In April, the social news-sharing site unveiled a controversial new HR policy: Job offers to new hires come with a take-it-or-leave-it salary number. The figure is based on research about how workers at comparable positions at other companies are paid; it doesn't take into account the candidate's salary history or other personal factors. 

"When somebody comes in we figure out what role they're applying for, what band they're in and we give the what we think is a fair salary in that band," Pao explained during an onstage interview at the Code Conference Wednesday. 

The purpose of the policy is to eliminate gender inequality in pay, Pao said, citing research that shows bargaining makes for an uneven playing field. "It's known that women are one-quarter as likely as men to negotiate for more pay in salary and when they do they're often penalized for it," she said.
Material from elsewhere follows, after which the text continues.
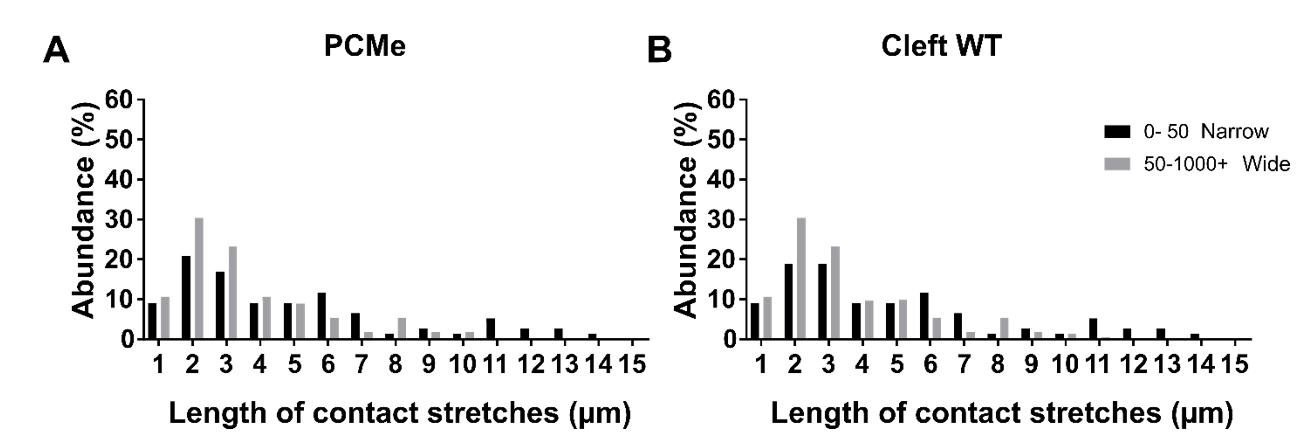 Figure S1. Distribution of the lengths of contact stretches. (A) Contact lengths between cells within the prechordal mesoderm and (B) between cells at the cleft between ectoderm and prechordal mesoderm. n = 24 embryos.

But the policy is proving to have an unexpected benefit, alleviating the antagonistic dynamic that pits new employees against their future employers. "It takes a lot of tension out of the process," Pao said. "We've had people apply to Reddit just because of that policy." 

Getting rid of negotations is an extension of Pao's ongoing campaign against gender bias in Silicon Valley. A former junior partner at Kleiner, Perkins, Caufield & Byers, Pao lost a high-profile gender discrimination suit against the venture capital firm in March. 

She said she is still consulting with her legal team about whether to appeal the ruling. "It didn't come out the way I wanted it to, but I ended up becoming a symbol for different things," she said. "I connected to so many people."